- **Problem to solve**
Extract the lines of the material below, beginning with the first and ending with the line that holds "Подъемник 380V 2х". Skip every picture.

- **Entries shown**
□ □ □ □ □ □ □
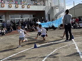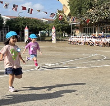 未就園児の競走です。いちご組や新しく始まったみかん組の子ども達も参加してくれました。
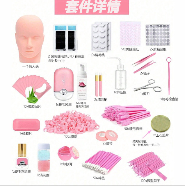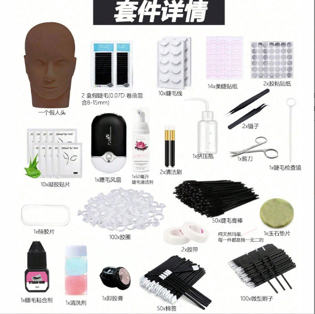 - 【专业睫毛套装】这款睫毛延长套件带人体模型头、睫毛扇、观察镜、硅胶睫毛延长垫、睫毛镊子、胶带、眼底凝胶垫、一次性睫毛刷、胶水环支架、清洁刷、镊子睫毛胶去除器、胶粘剂、玉石、一次性微刷涂抹器、眼底定位纸、练习睫毛、个人睫毛。 2、眼睫毛、 眼睫毛睫毛胶水去除器(仅适用于人体模型头部)和睫毛剪刀。
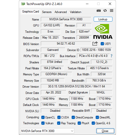| Название видеокарты | NVIDIA GeForce RTX 3080 |
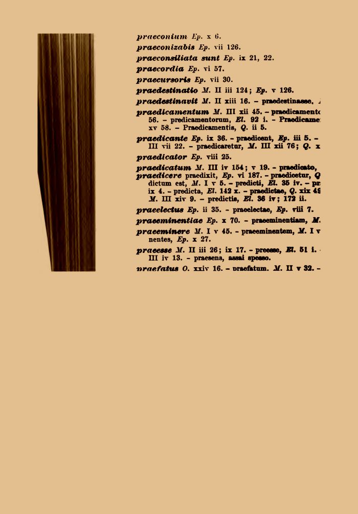 praedlcamentum il. Ili xii 45. - piaedicamentc 56. - predicamelitorum, El. 92 i. - Praedi carne xv 58. - Praedicamentis, Q. ii 5.
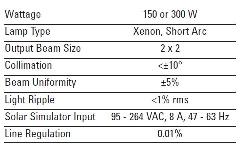 理波公司出品的150-300 W 太阳光模拟器可射出均匀准直的2 x 2 in. 输出光束。根据光谱输出的不同,我们可提供两种型号的产品。
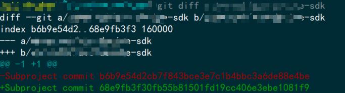 正常情况下,修改子仓库的内容并在子仓库提交后会在父仓库执行 git diff会有如下输出
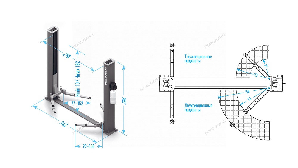 Подъемник 380V 2х стоечный с нижней синхрониз. г/п 4,5т NORDBERG N4124A-4,5T
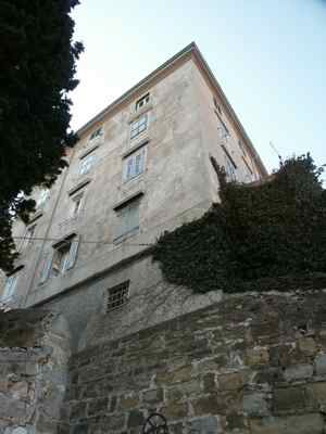 Corpo edilizio posto alle pendici del colle di S. Giusto, integrato nel borgo della città vecchia. Si sviluppa su quattro piani fuori terra, attico sopraelevato e livello interrato ad uso cantina. Strutture portanti verticali in muratura a sacco di pietra arenaria sbozzata a corsi suborizzontali, in mattoni pieni di laterizio in corrispondenza della sopraelevazione dell'attico. Orizzontamenti con strutture ad orditura singola e tavolato ligneo. Scala con elementi in pietra appoggiati su muratura portante laterale e setto centrale. Vani di servizio con affaccio diretto al vano scala in corrispondenza dei pianerottoli di interpiano. Copertura con puntoni appoggiati alla trave di colmo; orditura secondaria costituita da arcarecci e tavelle in cotto; manto di copertura in coppi curvi rossi. Facciate trattate in modo uniforme, basamento in pietra lungo l'intero corpo di fabbrica.
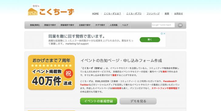 こくちーずは、セミナー・イベントを告知するポータルサイトのなかでは、かなり有名なところです。
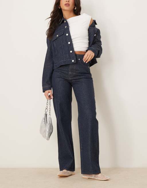 ASOS DESIGN - Blå dad-jeans med glimmer
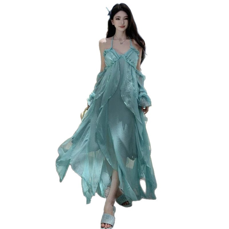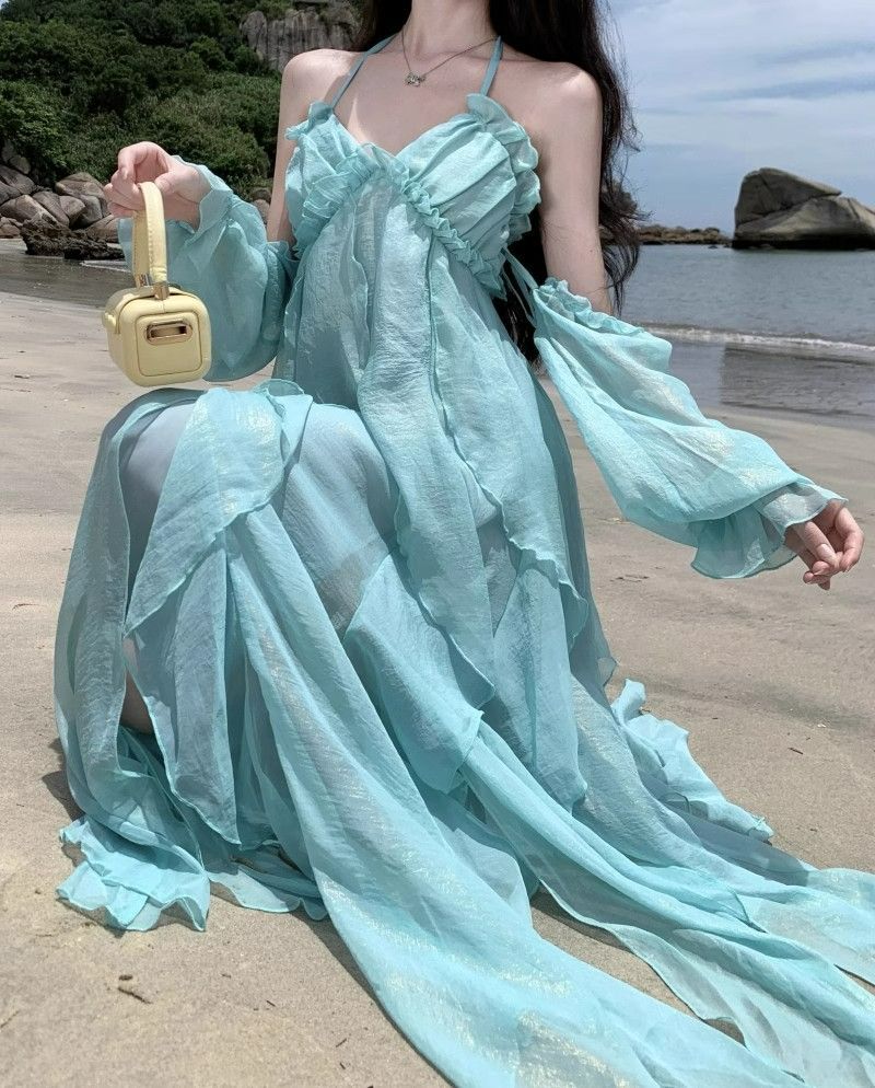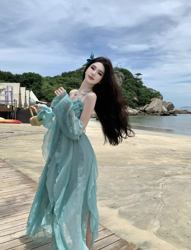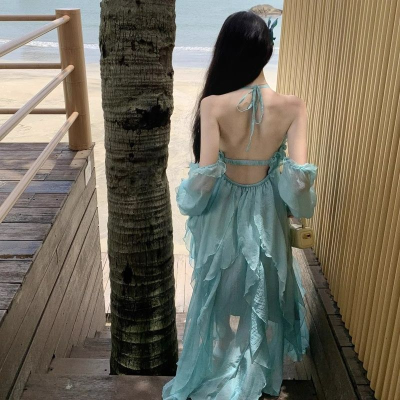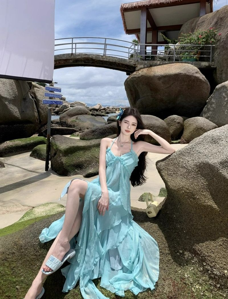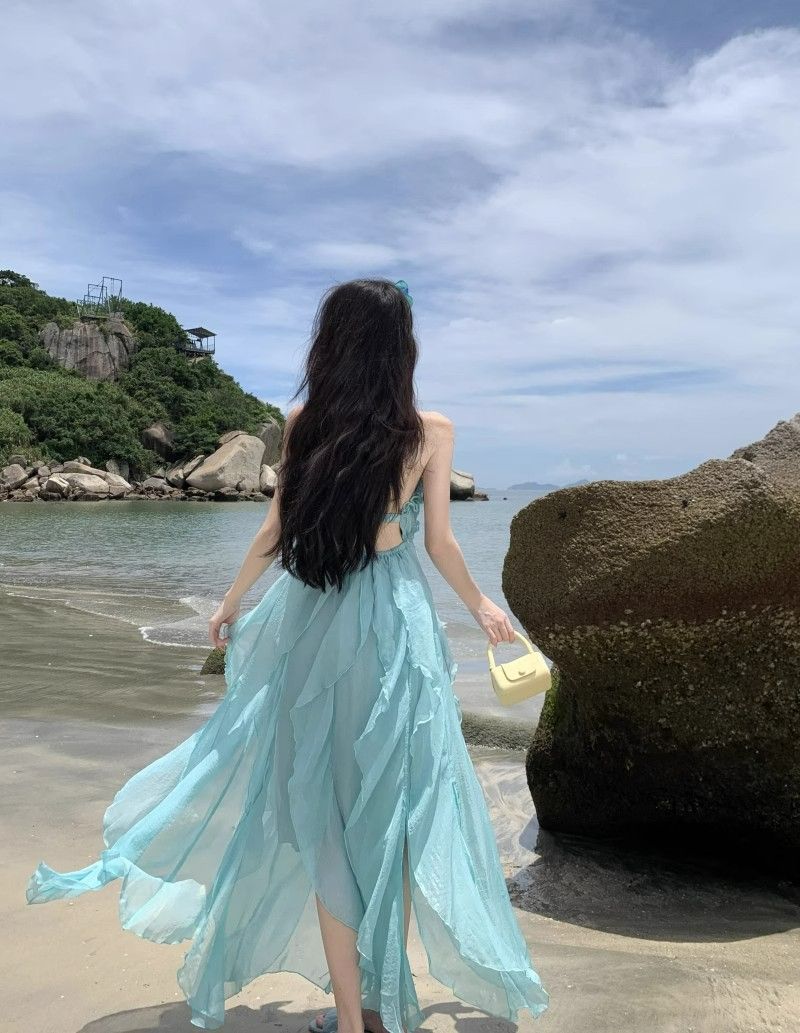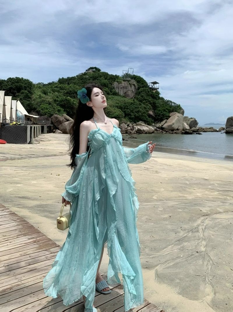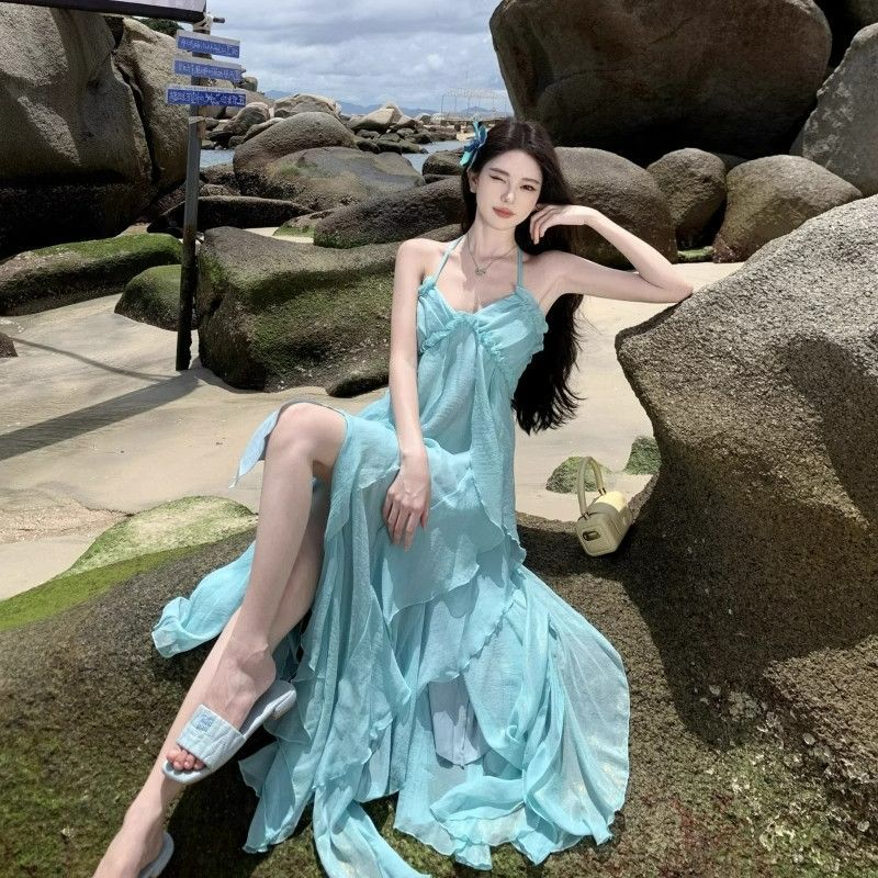2026년 여름 휴가 스타일의 스트랩 드레스, 사진 촬영에 좋은 요정같은 해변 드레스, 여행 사진에 잘 어울리는 드레스
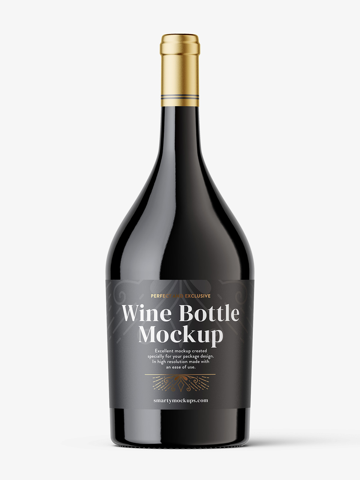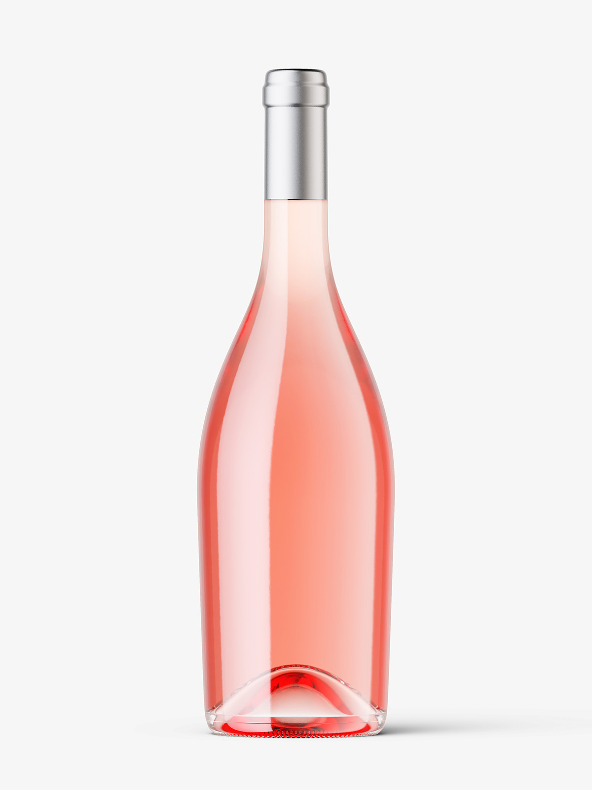 Rose wine bottle mockup prepared in high resolution. Hot stamping (with customizable color) coating is available for label. Two caps type: paper and metallic screw cap.
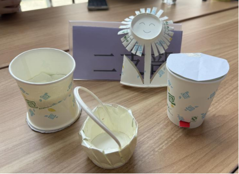 在旧物改造环节,各组抽取快递箱、旧纸盒等闲置物品,集思广益创意灵感,将其改造成创意桌面垃圾桶、收纳盒、笔筒等实用物品。代表们介绍作品时,不仅分享了改造思路,更感慨“原来废品只是放错地方的资源,劳动能赋予它们新价值”。
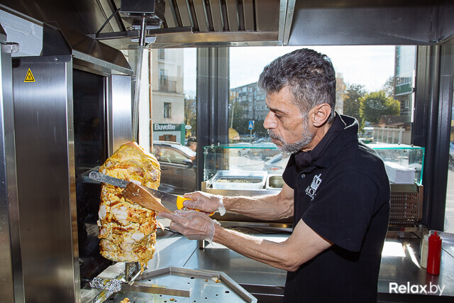 — Дело в том, что нельзя использовать самый верхний слой мяса. Оно срезается, и из него шаурма не делается, потому что мясо сухое. А вот следующий слой как раз для нашей шаурмы годится! — рассказывает Ихаб Джахджах.
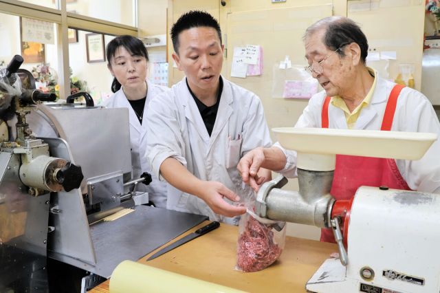 仙台牛を専門で扱う「海老沢精肉店」(仙台市太白区八木山本町1丁目)の創業者海老沢明一さん(74)は、本田正勝さん(46)、亜矢子さん(51)夫妻=宮城県多賀…
□ □ □ □ □ □ □
- **Solution for this task**
 未就園児の競走です。いちご組や新しく始まったみかん組の子ども達も参加してくれました。
 - 【专业睫毛套装】这款睫毛延长套件带人体模型头、睫毛扇、观察镜、硅胶睫毛延长垫、睫毛镊子、胶带、眼底凝胶垫、一次性睫毛刷、胶水环支架、清洁刷、镊子睫毛胶去除器、胶粘剂、玉石、一次性微刷涂抹器、眼底定位纸、练习睫毛、个人睫毛。 2、眼睫毛、 眼睫毛睫毛胶水去除器(仅适用于人体模型头部)和睫毛剪刀。
| Название видеокарты | NVIDIA GeForce RTX 3080 |
 praedlcamentum il. Ili xii 45. - piaedicamentc 56. - predicamelitorum, El. 92 i. - Praedi carne xv 58. - Praedicamentis, Q. ii 5.
 理波公司出品的150-300 W 太阳光模拟器可射出均匀准直的2 x 2 in. 输出光束。根据光谱输出的不同,我们可提供两种型号的产品。
 正常情况下,修改子仓库的内容并在子仓库提交后会在父仓库执行 git diff会有如下输出
 Подъемник 380V 2х стоечный с нижней синхрониз. г/п 4,5т NORDBERG N4124A-4,5T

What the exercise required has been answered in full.